- [EXTRACTED DATA]
========================
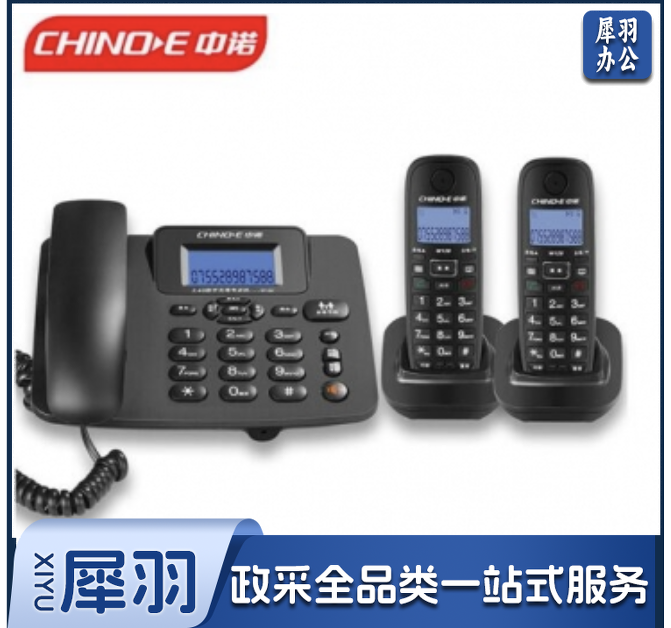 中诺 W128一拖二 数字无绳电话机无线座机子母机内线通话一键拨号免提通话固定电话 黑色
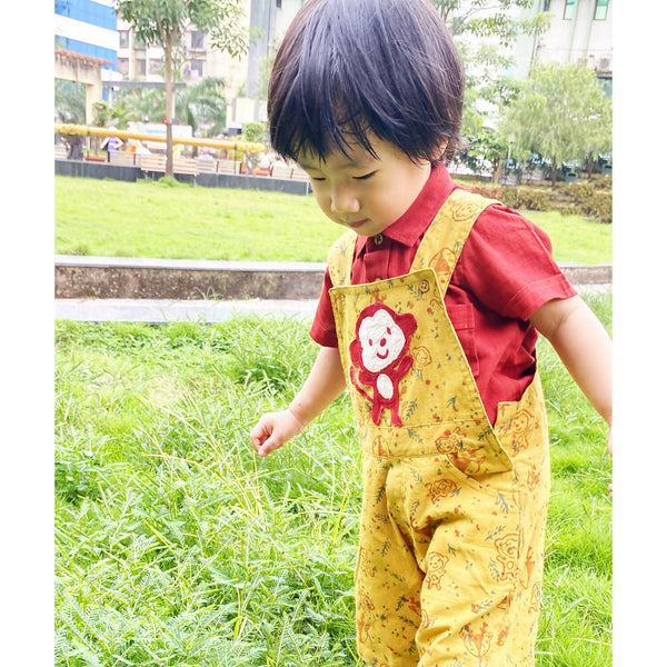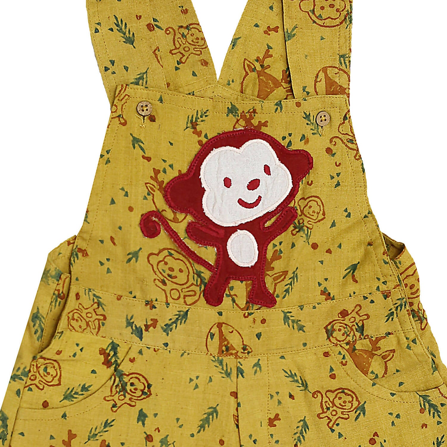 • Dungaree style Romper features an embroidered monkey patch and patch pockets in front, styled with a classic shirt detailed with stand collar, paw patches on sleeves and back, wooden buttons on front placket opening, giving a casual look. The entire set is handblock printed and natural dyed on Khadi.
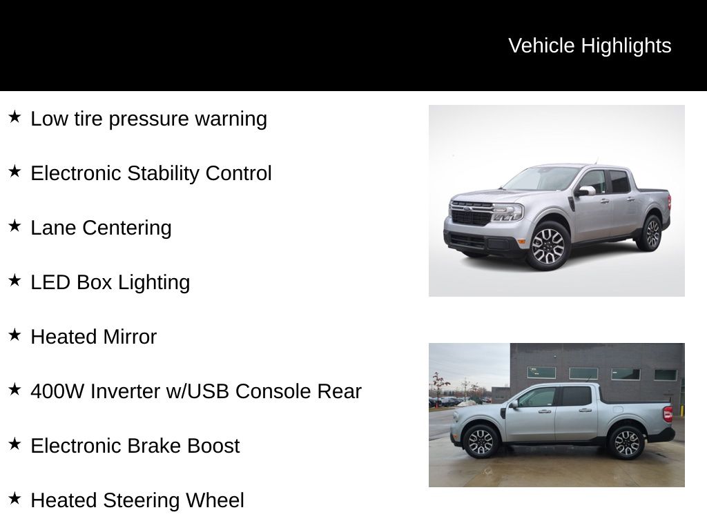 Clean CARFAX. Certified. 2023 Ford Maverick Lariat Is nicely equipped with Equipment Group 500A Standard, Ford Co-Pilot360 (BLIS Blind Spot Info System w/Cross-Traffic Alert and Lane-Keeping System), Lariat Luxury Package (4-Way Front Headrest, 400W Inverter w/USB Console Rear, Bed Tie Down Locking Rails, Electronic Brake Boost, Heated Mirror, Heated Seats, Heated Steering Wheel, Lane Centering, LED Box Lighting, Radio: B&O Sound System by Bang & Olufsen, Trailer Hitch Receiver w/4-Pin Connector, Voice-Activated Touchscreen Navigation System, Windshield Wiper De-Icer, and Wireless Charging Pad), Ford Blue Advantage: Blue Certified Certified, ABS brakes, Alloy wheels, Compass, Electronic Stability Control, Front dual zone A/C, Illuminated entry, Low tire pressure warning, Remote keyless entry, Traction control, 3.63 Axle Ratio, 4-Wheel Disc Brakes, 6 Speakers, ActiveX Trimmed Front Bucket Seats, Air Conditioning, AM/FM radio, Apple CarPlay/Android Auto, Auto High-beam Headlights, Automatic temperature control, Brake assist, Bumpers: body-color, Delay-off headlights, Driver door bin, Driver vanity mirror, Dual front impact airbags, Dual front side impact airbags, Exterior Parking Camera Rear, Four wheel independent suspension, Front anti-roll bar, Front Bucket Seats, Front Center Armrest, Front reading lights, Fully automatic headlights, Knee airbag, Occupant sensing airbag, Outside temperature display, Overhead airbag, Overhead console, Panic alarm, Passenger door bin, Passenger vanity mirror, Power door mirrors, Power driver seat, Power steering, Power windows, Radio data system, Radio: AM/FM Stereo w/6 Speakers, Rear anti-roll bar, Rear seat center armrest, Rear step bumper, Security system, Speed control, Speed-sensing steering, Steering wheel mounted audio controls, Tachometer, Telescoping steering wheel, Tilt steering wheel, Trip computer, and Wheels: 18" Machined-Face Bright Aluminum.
========================
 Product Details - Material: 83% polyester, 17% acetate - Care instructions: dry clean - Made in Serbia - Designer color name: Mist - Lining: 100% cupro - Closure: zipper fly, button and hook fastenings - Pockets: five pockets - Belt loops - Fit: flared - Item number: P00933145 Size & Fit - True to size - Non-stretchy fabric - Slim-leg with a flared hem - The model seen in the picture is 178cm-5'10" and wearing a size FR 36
========================
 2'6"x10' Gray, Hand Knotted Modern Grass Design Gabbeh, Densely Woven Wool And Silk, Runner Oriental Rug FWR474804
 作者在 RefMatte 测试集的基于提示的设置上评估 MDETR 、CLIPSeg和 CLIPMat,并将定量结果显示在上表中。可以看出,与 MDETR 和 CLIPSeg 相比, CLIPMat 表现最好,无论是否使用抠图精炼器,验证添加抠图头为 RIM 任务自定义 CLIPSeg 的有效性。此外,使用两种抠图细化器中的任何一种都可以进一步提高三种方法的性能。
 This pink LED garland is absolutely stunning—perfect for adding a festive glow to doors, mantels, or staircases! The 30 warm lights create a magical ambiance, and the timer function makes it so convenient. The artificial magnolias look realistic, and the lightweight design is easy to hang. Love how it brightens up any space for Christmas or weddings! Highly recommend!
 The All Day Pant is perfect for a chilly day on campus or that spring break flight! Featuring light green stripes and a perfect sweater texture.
========================
- [ASSIGNMENT] Whenever a line of the records holds the string "perfect", pick it out and copy it.

- [SOLUTION FOR THIS EXERCISE]
 This pink LED garland is absolutely stunning—perfect for adding a festive glow to doors, mantels, or staircases! The 30 warm lights create a magical ambiance, and the timer function makes it so convenient. The artificial magnolias look realistic, and the lightweight design is easy to hang. Love how it brightens up any space for Christmas or weddings! Highly recommend!
 The All Day Pant is perfect for a chilly day on campus or that spring break flight! Featuring light green stripes and a perfect sweater texture.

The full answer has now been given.